Rome and coauthors cited Mulcahy's research on ​​international prescription drug price comparisons in their paper. Mulcahy said it was helpful to see Rome and coauthors exploring the concept of EFs for cost-benefit analyses of medicines, as another approach used in other countries has been largely derailed for the US government.

For many years, much of the debate in the United States bogged down on the issue of an approach known as quality-adjusted life-years (QALYs), a measure of how well a treatment lengthens and improves patients' quality of life.

"So thinking about alternate ways to frame this is really important to move our policy around drug prices forward," Mulcahy said.

Critics of QALYs have persuaded Congress to limit use of this approach, barring it in Medicare. UK-based researchers Edward C.F. Wilson, PhD, of the University of Exeter Medical School, Exeter, and Zenas Z.N. Yiu, PhD, of the University of Manchester, Manchester, England, questioned that decision in an editorial that accompanied the paper from Rome and coauthors.

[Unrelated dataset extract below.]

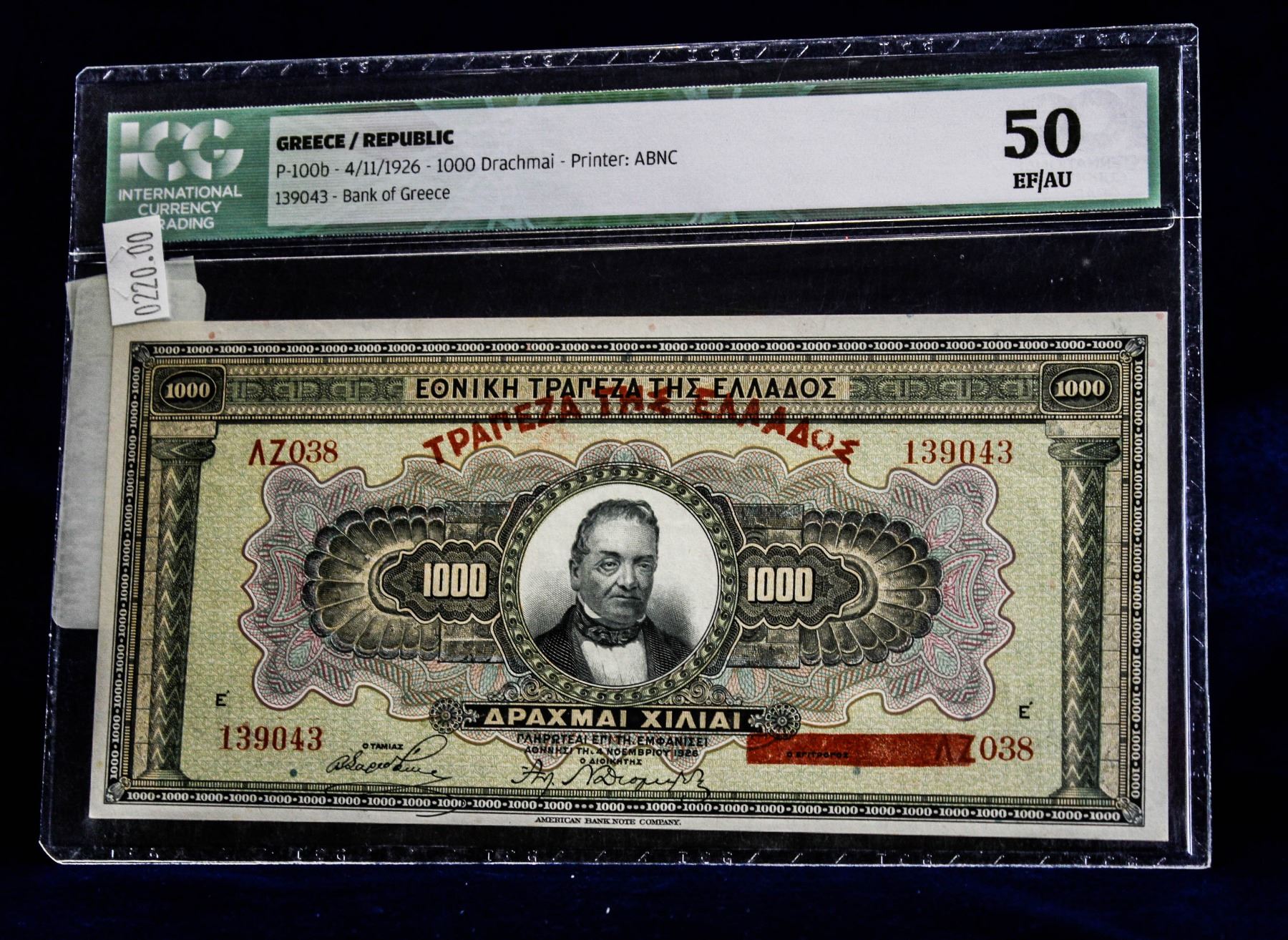 1926 GREECE 1000 DRACHMA NOTE ICG AU50

"These concerns were somewhat misguided and the decision bizarre, given that it is hard to argue that the prime objective of healthcare is anything other than to improve length and/or quality of life, and the QALY is simply a measure of that," Wilson and Yiu wrote in JAMA Dermatology.

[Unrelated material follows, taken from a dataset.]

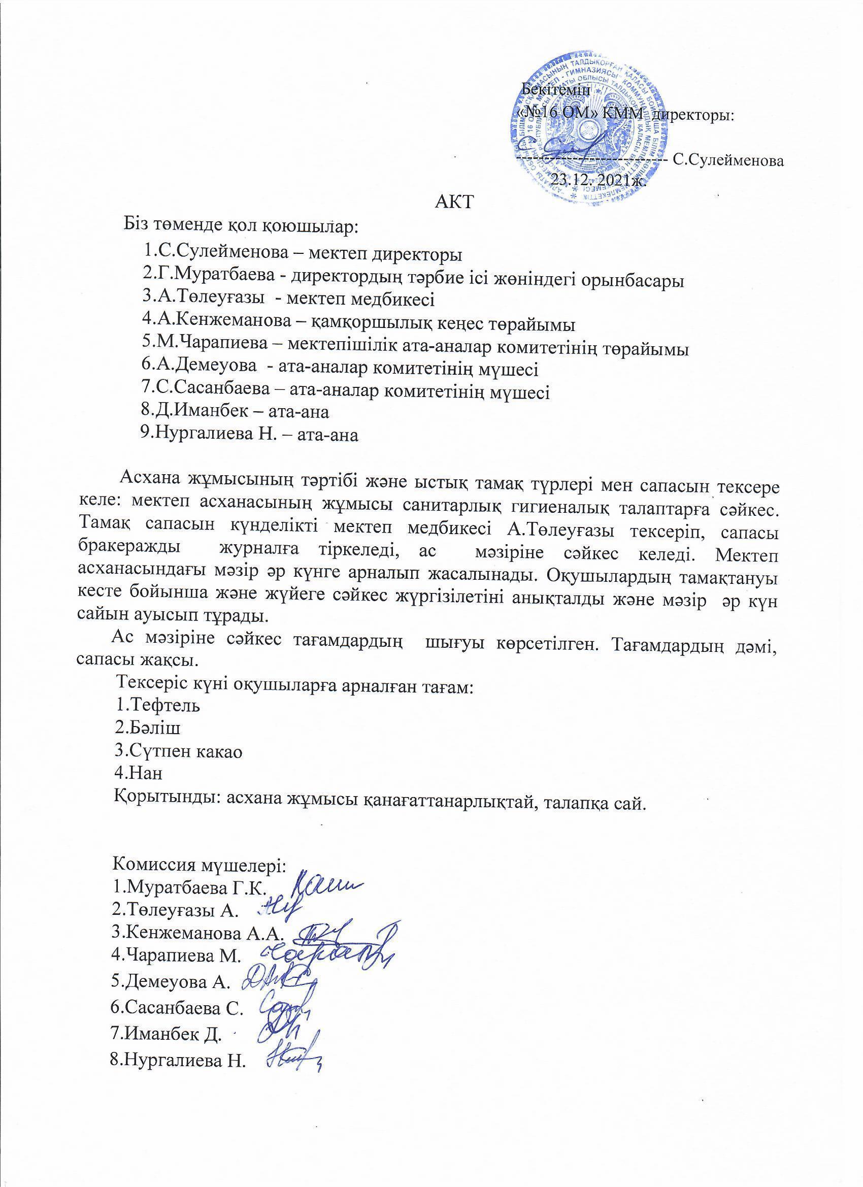 Асхана жұмысын тектеру актісі » №16 орта мектеп-гимназия. Талдықорған

There's debate in Congress about further restrictions on QALYs. House Energy and Commerce Chair Cathy McMorris Rodgers (R-WA) is seeking, through a bill (H.R. 485), to broaden the ban on use of QALYs to all federal health programs.

"QALYs, and other similar discriminatory measures, assign a dollar value on the life of a patient to decide if a certain treatment is cost-effective, oftentimes discounting an individual's worth and the need for care solely because of their disability or chronic illness," Rodgers said during debate on the House floor on February 7.

The House that day passed her bill, 211-208. All the supporting votes came from Republicans, while the opposing ones came from Democrats.

In response to Rodgers, Rep. Frank Pallone Jr, of New Jersey, the ranking Democrat on the House Energy and Commerce Committee, said he also supports restrictions on QALYs. But he said he objected to the bill because it's a "Trojan horse" intended to derail efforts to lower drug prices.

"H.R. 485 goes further than current law and opens a back door that will be used to bar the use of any value measures by the federal government," Pallone said during debate on the House floor.

"I am not suggesting that that is what the Republicans have in mind necessarily, but that is the reality of it," Pallone said.

The pharmaceutical industry would use the broader restriction to "undermine every effort the Democrats have made to try to bring down costs for prescription drugs in the Medicare market, in the Medicaid market, in Veterans Affairs, and on down the list," he said.

This analysis from Rome and coauthors was supported by grants from the Elevance Health Public Policy Institute and Arnold Ventures. Author Aaron Kesselheim reported serving as an expert witness on behalf of a class of individual plaintiffs against Gilead related to approval of its tenofovir-containing drugs, for a group of state attorneys general and private payers related to generic drug prices, and in two cases in 2023 for the Federal Trade Commission related to pharmaceutical industry acquisitions (both now settled). No other disclosures were reported.

Kerry Dooley Young is a freelance journalist based in Washington, DC.